NEW DELHI: Crisis-hit airline SpiceJet has announced allotment of 4.81 crore equity shares on a preferential basis to nine of its aircraft lessors to clear outstanding dues of `231 crore. The nine lessors who have been allotted shares include SASOF III (A13) Aviation Ireland DAC, SASOF III (A6) Aviation Ireland DAC, SASOF III (C) Aviation Ireland DAC, SASOF III (E) Aviation Ireland DAC, SASOF III (A19) Aviation Ireland DAC, SASOF II (J) Aviation Ireland DAC Citrine Aircraft Leasing Limited, Fly Aircraft Holdings Seven Limited, Fly Aircraft Holdings One Limited.
The company also disclosed that it has on a preferential basis further allotted 3.41 crore equity shares and 13.15 crore warrants at an issue price of Rs 29.84 each to Spice Health Care Private Ltd (an entity under ‘promoter group’). Earlier in February, SpiceJet had converted around $100 million in dues to aircraft lessor Carlyle Aviation into equity and debentures.

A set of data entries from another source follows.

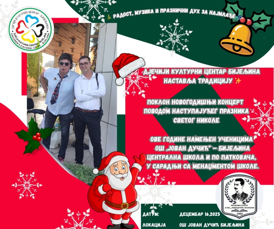 Dječiji kulturni centar Bijeljina nastavlja lijepu tradiciju darivanja najmlađih novogodišnjim poklon koncertima, koji će ove godine biti održani u utorak, 16. decembra 2025. godine, na dvije lokacije zbog velikog interesovanja djece.
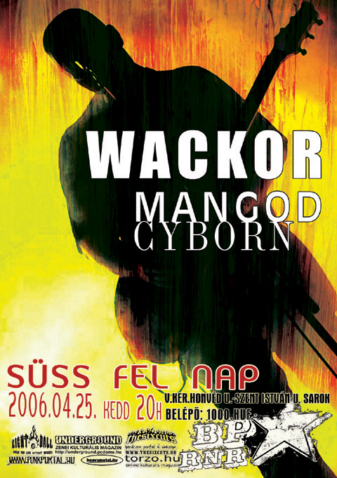 Fellép a régóta nem látott és hallott Wackor, a Mangod és a Cyborn. A Mangod zenekar kis meglepetéssel is készül, ha jók az információink. Kezdés 20.00-kor, a belépő pedig 1000 ft lesz.
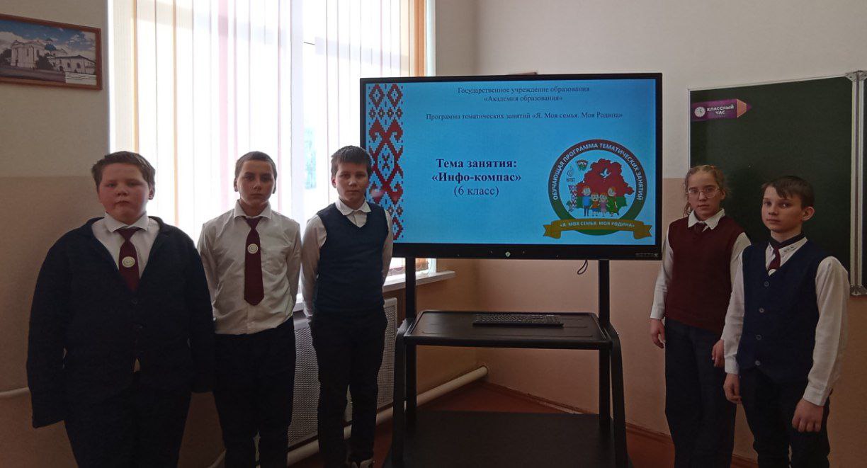 В 6 классе прошёл классный час "Инфо-компас" в рамках программы "Я. Моя семья. Моя Родина ", который содействовал обучению этикету в сети, развитию критического мышления. Учащиеся рассуждали: «Всем ли источникам информации можно доверять?» Шестиклассники высказывали своё мнение о том, какие источники информации считаются надёжными.
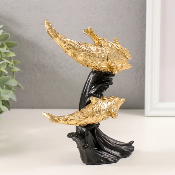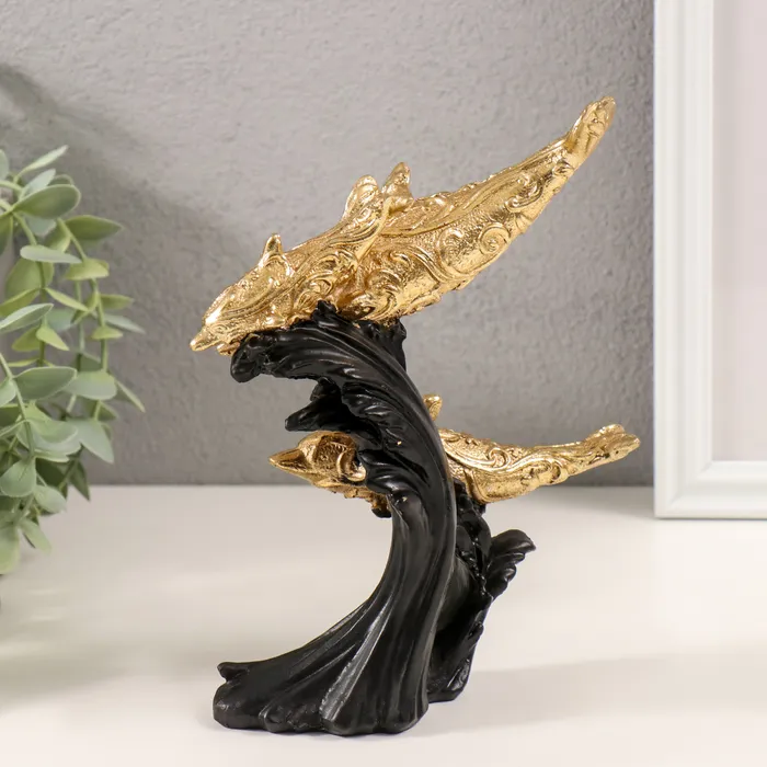 Фигурка полистоун «Три дельфина на волне, с узорами», золото, 14×7×17.5 см — Характеристики

Additionally, the Delhi High Court had recently ordered the airline to pay Rs 100 crore to former owner Kalanithi Maran. SpiceJet owes a total of Rs 397 crore to Maran. The carrier’s shareholders on Thursday passed a number of resolutions, including a Rs 2,500 crore fundraise and a preferential issue of shares to lessors to clear outstanding dues.
Shares of SpiceJet closed flat at Rs 31.12 apiece on Monday. on the Bombay Stock Exchange The company has a market cap of Rs 1.87 thousand crore. Because of various issues and the grounding of a large number of its fleet, SpiceJet’s market share came down to 4.2% as of July, lower than that of new entrant Akasa, which only began commercial operations in August 2022.